Perikles Monioudis: Robert Walser

Robert Walser wird in unserm Blog leider sträflich vernachlässigt. Das liegt, zumindest, was mich betrifft, keineswegs daran, dass ich Walsers literarische Qualitäten gering schätzte. Sondern ganz einfach daran, dass sich mir in den letzten Jahren kaum Anlässe boten, mich wieder mit diesem Schweizer Autor zu beschäftigen. Nun aber bin ich letzthin auf eine Buchempfehlung der Literaturkritikerin Nicola Steiner im Literaturclub des Schweizer Fernsehens gestossen. Indirekt über eine Bemerkung irgendwo im Internet gestossen, denn offen gesagt, schaue ich seit Jahren nicht mehr fern. Diese Buchempfehlung, ich habe die Sendung (im Internet!) kurz nachgeschaut, dauert wohl keine ganze Minute – vorgestellt wurde eben diese Biografie von Perikles Monioudis, die ich hier nun auch fast so kurz wie Nicola Steiner vorstelle.1)

Monioudis, Schweizer Autor mit griechischen Wurzeln, geht dabei der Frage nach, was Robert Walser, in Biel zur Welt gekommen und dort aufgewachsen, nach einer Banklehre und verschiedenen Stellen u.a. in Zürich und in Winterthur, endlich im literarischen Berlin an- (er trifft u.a. auf den ebenfalls in der Schweiz aufgewachsenen Wedekind, aber die beiden können es nichts so recht miteinander) und im renommierten Verlag Bruno Cassirers untergekommen (sein Lektor dort war niemand Geringeres als Christian Morgenstern!) – was diesen jungen und eigentlich in Berlin als Autor etablierten Mann dazu brachte, wieder zurück in die Schweiz zu gehen und dort – zu Beginn abermals in subalternen Stellungen, zum Schluss in einer psychiatrischen Klinik – nach und nach zu verstummen. Ausschlaggebend muss, wenn wir Monioudis folgen, der Umstand gewesen sein, dass Walser zwar als Sekretär der Berliner Secession Zugang zur literarischen Crème de la Crème der deutschen Hauptstadt hatte, auch als Essayist gefragt war, aber mit seinen drei Romanen (Geschwister Tanner 1907, Der Gehülfe 1908, Jakob von Gunten 1909) auf – gelinde gesagt – geringes Interesse stiess. Walser (so Monioudis), der schon als Kind und als Jugendlicher miterleben musste, wie sein Elternhaus aus ursprünglich grossbürgerlichen Verhältnissen ins Prekariat abrutschte, vollendete angesichts des Scheiterns als der Autor, der er gerne gewesen wäre, bewusst den väterlichen Abstieg, da er den (Wieder-)Aufstieg als missglückt betrachten musste.
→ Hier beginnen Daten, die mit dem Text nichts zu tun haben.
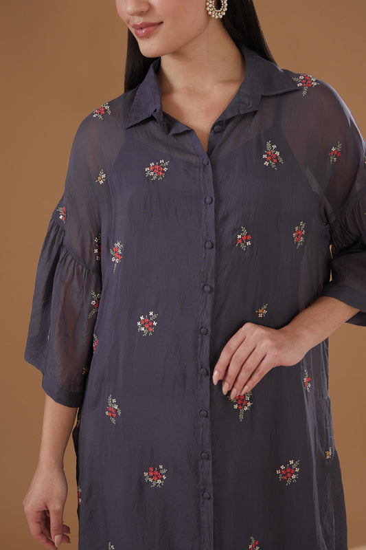 Powder Grey Organza Floral Embroidered Tunic Shirt Set
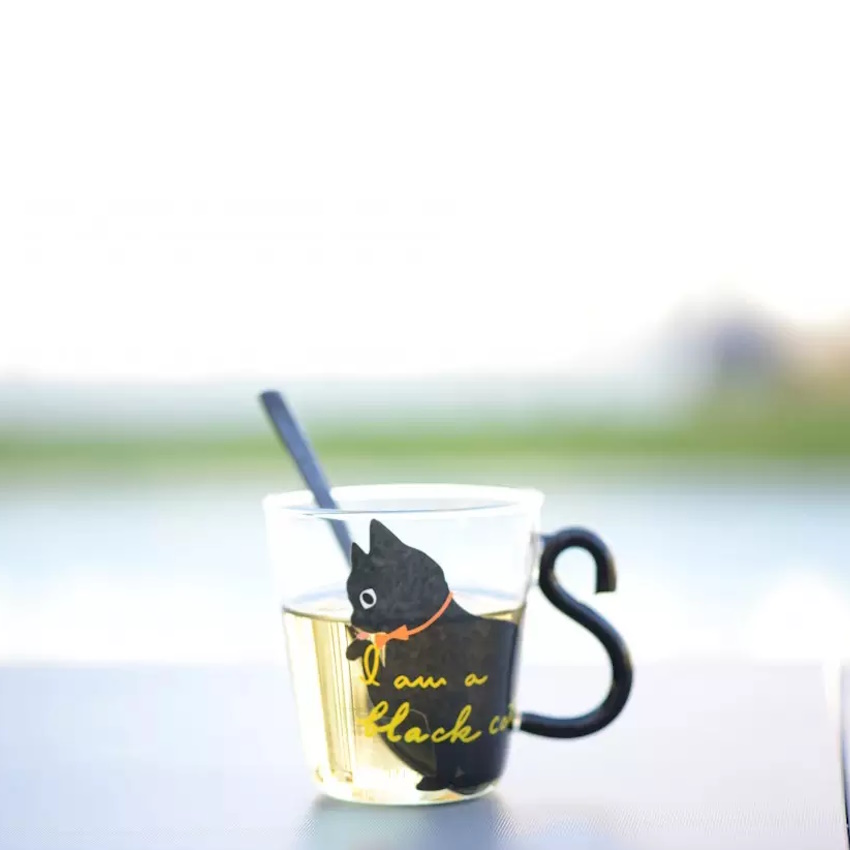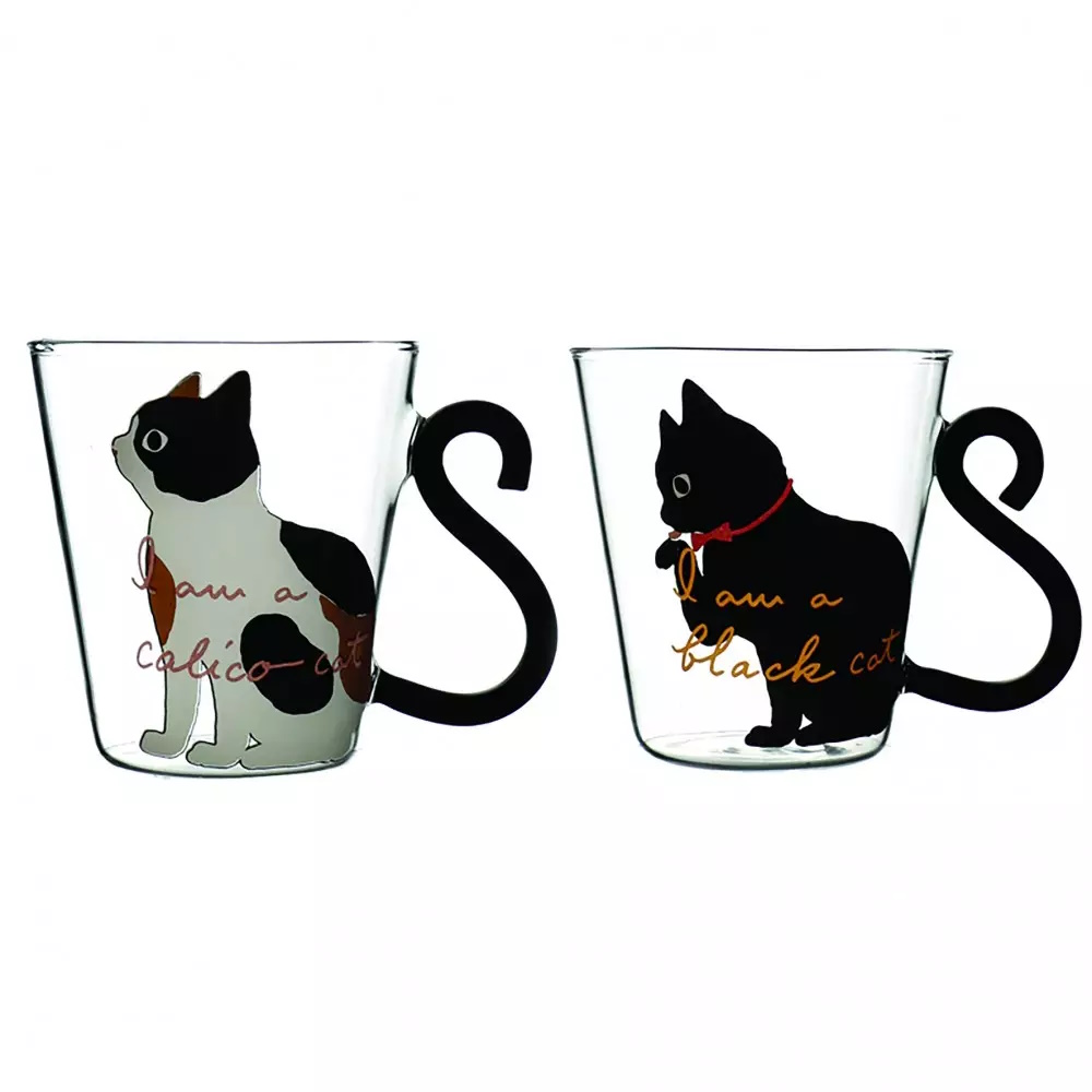Buvez votre café, ou votre thé avec ce ravissant set de deux tasses en verre transparent avec impression et queue de chat.
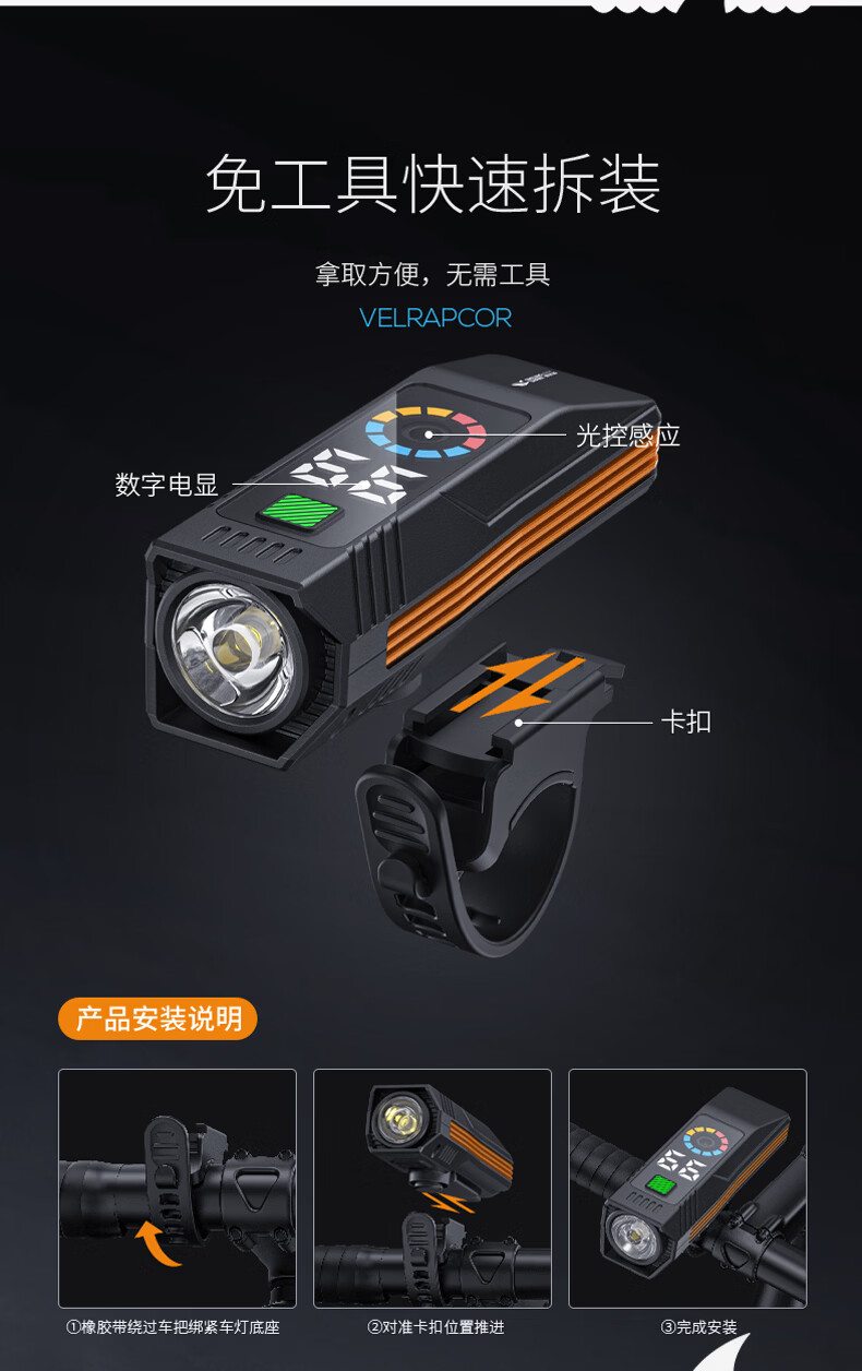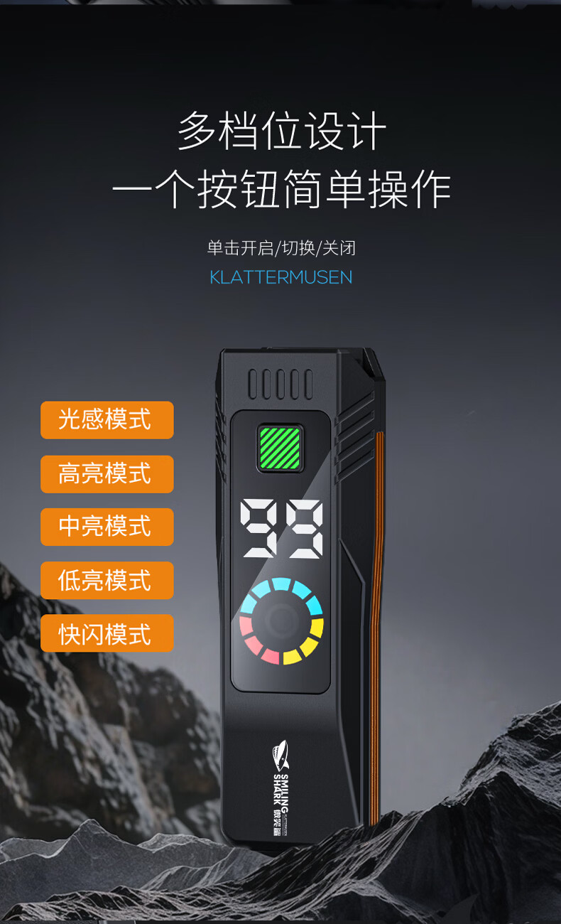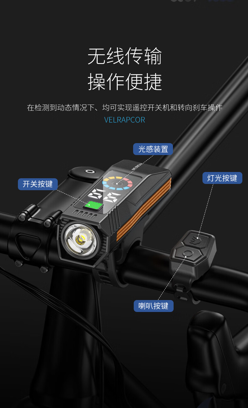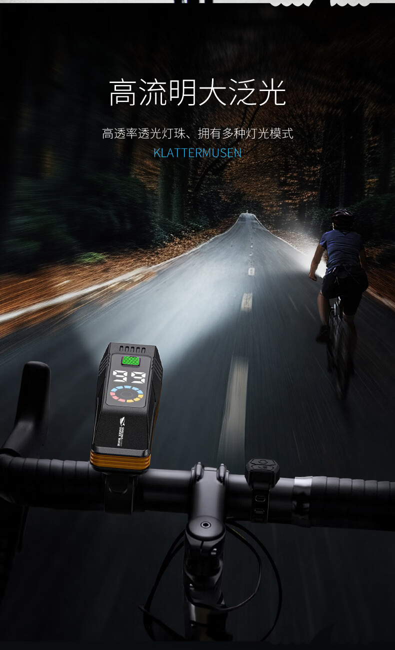 微笑鲨自行车夜骑灯喇叭一体防水强光手电山地车夜间超亮公路车前灯照明 顶配款【1200毫安】大分贝喇叭+液晶数显+智能光感
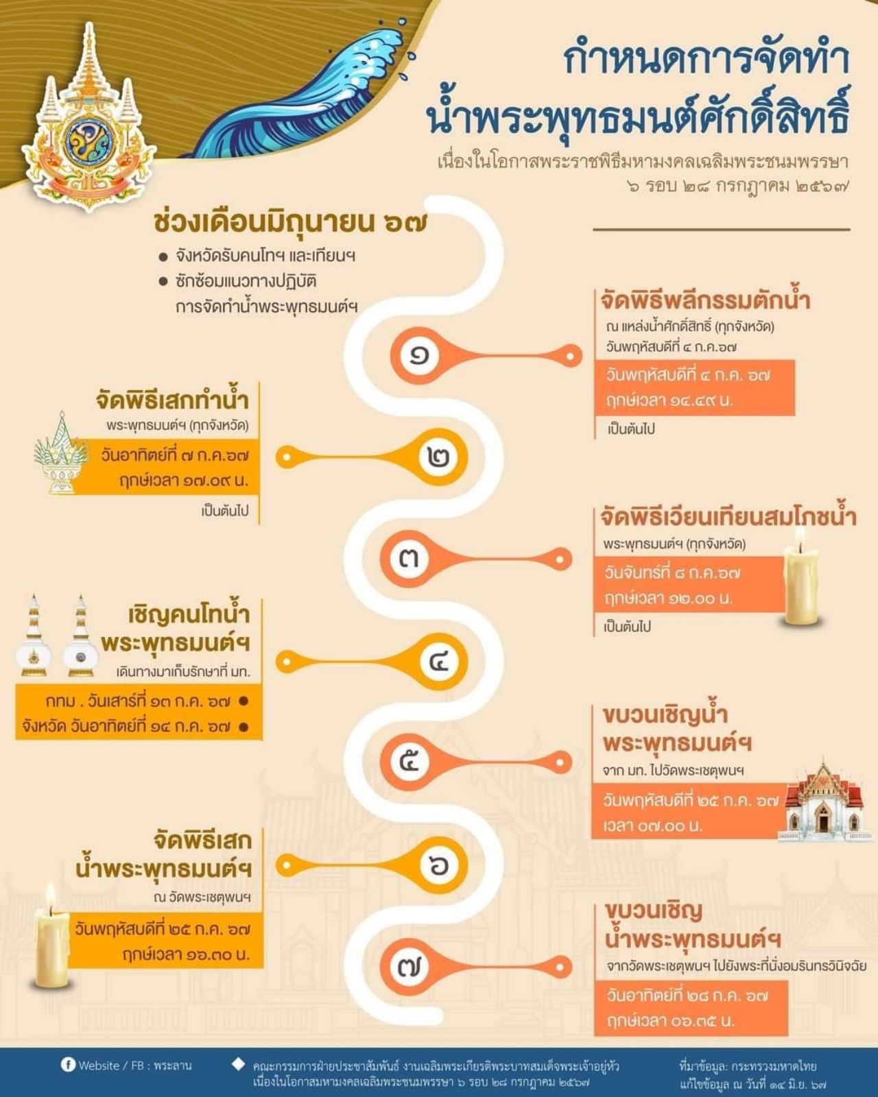 นางสาวจิราพร แจ้งว่า ในวันพรุ่งนี้ (7 กรกฎาคม 2567) เวลา 17.09 น. ทุกจังหวัดจะจัดพิธีเสกน้ำพระพุทธมนต์ศักดิ์สิทธิ์ และต่อเนื่องด้วยการจัดพิธีเวียนเทียนสมโภชน้ำพระพุทธมนต์ศักดิ์สิทธิ์ ในวันที่ 8 กรกฎาคม 2567 ตั้งแต่เวลา 12.00 น. เป็นต้นไป จากนั้นจะได้มีการจัดมหรสพสมโภช ในระหว่างวันที่ 11-15 กรกฎาคม 2567 ณ ท้องสนามหลวง ก่อนจะเชิญคนโทน้ำพุทธมนต์มาเก็บรักษาที่กระทรวงมหาดไทย เพื่อเตรียมพร้อมสำหรับพิธีเสกน้ำพระพุทธมนต์ที่วัดพระเชตุพนวิมลมังคลาราม ในวันที่ 25 กรกฎาคม 2567 จากนั้นจะได้มีการเชิญน้ำพระพุทธมนต์ฯ จากวัดพระเชตุพนฯ ไปยังพระที่นั่งอมรินทรวินิจฉัยในช่วงเช้าของวันมหามงคลเฉลิมพระชนมพรรษาเพื่อนำขึ้นทูลเกล้าฯ ถวาย ในวันเฉลิมพระชนมพรรษา 28 กรกฎาคม 2567

Solche Interpretationen sind – gelinde gesagt – fragwürdig. Als Essay eines Schriftstellerkollegen mögen sie immerhin durchgehen. Aber im Grunde genommen können sie nur sagen: Wir wissen nicht, warum Walser tat, was er getan hat, und können diese Unbekannte ‚x‘ nur ersetzen durch eine andere Unbekannte ‚y‘. Der Wert dieser knapp 100 grosszügig gesetzten Seiten liegt denn auch weniger im Text als in den Illustrationen. Wer auch immer es war, ob der Autor Perikles Monioudis selber, der Herausgeber der Reihe Leben in Bildern, Dieter Stolz, die Mitarbeiter des Robert-Walser-Zentrums in Bern, oder eine subalterne Stelle im Verlag: Man hat sich wirklich Mühe gegeben damit. Es wurden viele alte Fotografien herausgesucht – nicht nur Familienfotos aus Robert Walsers Kindheit und Jugend (das auch), sondern auch den einen oder andern Ort, an dem Walser gelebt, gearbeitet oder auch nur zu Mittag gegessen hat. Viele Gebäude stehen schon lange nicht mehr. Mutatis mutandis scheint die Reihe Leben in Bildern des Deutschen Kunstverlags, in der dieses Buch erschienen ist, die von mir erloschen geglaubte Tradition der Rowohlt’schen Bildmonografien wiederbeleben zu wollen. Mutatis mutandis, denn das Format ist ein anderes, grösser und der Satz daher grosszügiger, auch haben wir einen festen Pappeinband vor uns.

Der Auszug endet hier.